SCALE: Augmenting Content Analysis via LLM Agents and AI-Human Collaboration

Chengshuai Zhao,Zhen Tan,Chau-Wai Wong,Xinyan Zhao,huan liu,Tianlong Chen

OpenReview PDF

提交: 2024-09-26更新: 2025-01-20

TL;DR

We propose SCALE, a novel LLM multi-agent framework to automate content analysis, traditionally labor-intensive in social science, while integrating human oversight, enabling scalable, high-quality annotations approximating human judgment.

摘要

Content analysis is a fundamental social science research method that breaks down complex, unstructured texts into theory-informed numerical categories. It has been widely applied across social science disciplines such as political science, media and communication, sociology, and psychology for over a century. This process often relies on multiple rounds of manual annotation and discussion. While rigorous, content analysis is domain knowledge-dependent, labor-intensive, and time-consuming, posing challenges of subjectivity and scalability. In this paper, we introduce SCALE, a transformative multi-agent framework to $\underline{S}$imulate $\underline{C}$ontent $\underline{A}$nalysis via large language model ($\underline{L}$LM) ag$\underline{E}$nts. This framework automates key phases including text coding, inter-agent discussion, and dynamic codebook updating, capturing human researchers' reflective depth and adaptive discussions. It also incorporates human intervention, enabling different modes of AI-human expert collaboration to mitigate algorithmic bias and enhance contextual sensitivity. Extensive evaluations across real-world datasets demonstrate that SCALE exhibits versatility across diverse contexts and approximates human judgment in complex annotation tasks commonly required for content analysis. Our findings have the potential to transform social science and machine learning by demonstrating how an appropriately designed multi-agent system can automate complex, domain-expert-dependent interactions and generate large-scale, quality outputs invaluable for social scientists.

关键词

Content AnalysisLarge Language ModelMultiagentSimulationComputational Social ScienceAI for Science

评审与讨论

审稿意见

评分: 5置信度: 32024-10-29

The paper presents SCALE, an interesting multi-agent framework designed to simulate and augment the content analysis process using LLMs and AI-human collaboration. Automating key phases of content analysis, including text coding, inter-agent discussion, and codebook evolution could reduce the time, human resources, and costs traditionally required for content analysis. It also incorporates human intervention to mitigate algorithmic bias and improve contextual sensitivity. The paper suggests that SCALE could transform social science research by providing an efficient tool for analyzing large volumes of data.

优点

The idea of using LLM agents and ai-human collaboration for content analysis is interesting.
The paper is easy to follow. For example, Fig. 2 is pretty detailed to explain the overall workflow of SCALE framework.
The paper could attract a large number of audience interested in using LLM agents to simulate social science research.

缺点

In the introduction, the authors mention that one of the drawbacks of using humans experts is the time and labor cost.
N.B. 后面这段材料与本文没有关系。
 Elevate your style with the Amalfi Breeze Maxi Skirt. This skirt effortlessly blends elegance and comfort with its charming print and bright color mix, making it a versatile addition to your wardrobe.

The analysis of the proposed framework would benefit significantly if there is any analysis in terms of time/cost spent by humans for annotation vs LLMs.
I think Section 5.3 SUPERIOR PERFORMANCE OF SCALE should emphasize the overall quality of the whole framework instead of the single coding accuracy. The classification task is relatively trivial for LLMs.
Human evaluation (or detailed results) might be needed to assess the overall quality of using LLM agents to simulate content analysis beyond Codebook Update Phase.

问题

As weaknesses.

伦理问题详情

None

审稿意见

评分: 5置信度: 52024-10-31

The authors propose a framework for automatic content analysis of unstructured data with LLMs called SCALE. The framework includes the steps of automated text coding, inter-agent discussion and dynamic codebook updates, while also allowing for human interventions. The goal is to develop a tool for social scientists that is able to support the process of content analysis at a large scale.

优点

The paper has a clear strucure and demonstrates strengths and limitations of the method through several experiments. The topic is very relevant for the Social Science.

缺点

The central Figure (Figure 2) is not that easy to understand. It should be self-explanatory by reading the caption. It would be very helpful to know which dataset is taken as an example here. Unfortunately, the paper does not always read fluently. Sometimes articles are missing and there are some grammatical errors. Some technical details are missing, such as the implementation of the chain of thought and tree of thought baselines (or at least the references are missing - see below). Also the formula for the used accuracy measure should be written out (in my opinion). The human intervention experiment is not really explained well. How much did the humans intervene? Is there a certain number of rounds? Is it the same setup as in the previous experiments? Overall the idea of the framework and the process of inter-agent discussion for automated content analysis is good, but some important details are missing. It is also not clear from the paper how much manual effort is required to apply the whole framework. What are the necessary steps (e.g. developing personas, a first version for a codebook..)? As the authors note at the end the inter-agent discussion introduces significant computational overhead. This leaves the question how practical the framework is.

Missing references:

Chain of thought prompting as introduced by Wei et al (2022): Wei, Jason, et al. Chain-of-thought prompting elicits reasoning in large language models. Advances in neural information processing systems, 2022, 35. Jg., S. 24824-24837.
Tree of thougt prompting: Yao, S., Yu, D., Zhao, J., Shafran, I., Griffiths, T., Cao, Y., & Narasimhan, K. (2024). Tree of thoughts: Deliberate problem solving with large language models. Advances in Neural Information Processing Systems, 36.
Self Consitency: Wang, X., Wei, J., Schuurmans, D., Le, Q. V., Chi, E. H., Narang, S., ... & Zhou, D. Self-Consistency Improves Chain of Thought Reasoning in Language Models. In The Eleventh International Conference on Learning Representations.

Small errors:

Line 088 should probably have a period at the end of "Human Intervention" to be consistent with the other items.
line 190 is missing a period before (c)
line 208: it should be N personas P, which ..., are derived from.. s
The abbreviation NES is not introduced in the text
line 241: "a K-round discussion" instead of "an K-round.."
Line 320: It would be very nice if the Hamming loss was explicitly written out here in the formula.
Line 461: lLM > LLM

问题

The process of content analysis is always subjective isn't it? How does the method reduce subjectivity and is that even the goal?
The appendix provides an overview of the different prompts associated with the different steps. How much manual effort is involved when applying the framework? Is the codebook really updated automatically or do the researchers have to manually extract codebook changes and copy them into their codebook?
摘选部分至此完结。